Figure 9. 3D model on an (x, y, z) graph depicting gradient descent. The red dot and arrow is where we want our ball to move towards. (Credit: Nikolas Donges)

Speeding Up Learning with Stochastic Gradient Descent (SGD) and Mini-Batches

There are a few different types of gradient descent: batch gradient descent, stochastic gradient descent, and mini-batch gradient descent. Batch gradient descent calculates each sample’s error within a training dataset and gets updated after all training samples are finished. It is computationally efficient but can result in convergence (this is where the gradient is making very minuscule changes but doesn’t quite reach the optimal result). With stochastic gradient descent, parameters are updated for each training sample. This is more computationally expensive and could potentially produce noisy gradients. However, it is faster than batch gradient descent in most cases and improvement rates are more detailed. Finally, mini-batch gradient descent is combination between batch and stochastic gradient descent. It effectively chunks the training samples into batches and updates the parameters for each of the batches. This is the nice middle-ground between the two and is often the chosen method for neural networks.⁵

Backpropagating Through the Network

We briefly discussed forward propagation so let’s talk about its opposite: backward propagation (or backpropagation for short). The backpropagation procedure entails calculating the error between the predicted output and the actual target output while passing on information in reverse through the feedforward network, starting from the last layer and moving towards the first.⁶ Backpropagation utilizes the chain rule in calculus to calculate the partial derivatives of the weights in each layer (the gradient of the loss function for each weight). Through fine-tuning a neural network’s weights and biases, backpropagation can minimize the cost function by moving these parameters in the opposite direction of the gradient and towards the minimum. In essence, backpropagation is like checking your work on a math problem each step of the way and correcting earlier mistakes based on the final answer.

Figure 10. An example neural network with input, hidden, and output layers showing forward propagation moving from input to output and backward propagation moving from output back to input. (Credit: Inna Logunova)

Summary

In this post, we covered quite a lot: perceptrons, NAND gates, sigmoid neurons, sigmoid functions, architecture/layers, gradient descent, types of a gradient descent, forward propagation, and backward propagation.
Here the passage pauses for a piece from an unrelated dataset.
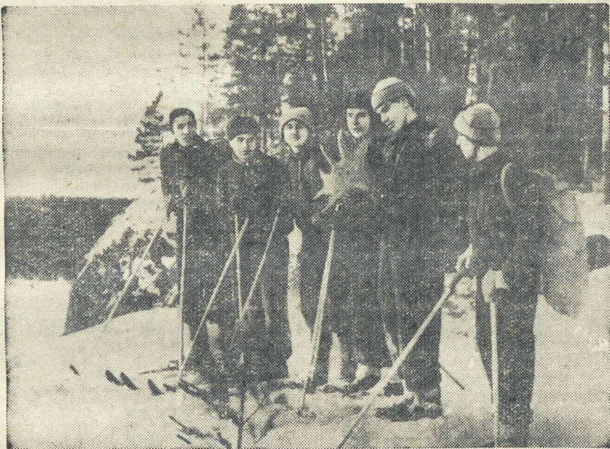
Туристы рассматривают рог лося, найденный в районе «Денежкин камень».

В молодежном интернате третьего Северного бокситового рудника и в интернате № 1 треста Бокситстрой они провели несколько бесед на тему: «Физкультурное движение в СССР». Затем, не задерживаясь долго на отдыхе, взяли курс на восток. Шли сначала по за-

I hope you found this post engaging and insightful. I sincerely appreciate you taking the time out of your busy schedule to read it. Stay tuned for part 2 where we’ll take everything we’ve learned and build a neural network that detects galaxies from scratch in Python!

References

¹Lee, F. (2025, November 17). What is a neural network?. IBM. https://www.ibm.com/think/topics/neural-networks

²Nielsen, M. (2019, December). Neural Networks and Deep Learning. http://neuralnetworksanddeeplearning.com/

³3Blue1Brown. (n.d.). Essence of Linear Algebra [Playlist]. YouTube. Retrieved January 31, 2026, from https://www.youtube.com/playlist?list=PLZHQObOWTQDPD3MizzM2xVFitgF8hE_ab

⁴Sigmoid Function. (2025, July 23). GeeksforGeeks. https://www.geeksforgeeks.org/machine-learning/derivative-of-the-sigmoid-function/

⁵Donges, N. (2024, August 1). Gradient Descent in Machine Learning: A Basic Introduction. Built In. https://builtin.com/data-science/gradient-descent

⁶Logunova, I. (2023, December 18). Backpropagation in Neural Networks. Serokell Software Development Company. https://serokell.io/blog/understanding-backpropagation

Glossary

Rather than reinvent the glossary wheel, see Google’s ML Glossary for a comprehensive glossary of machine learning terms.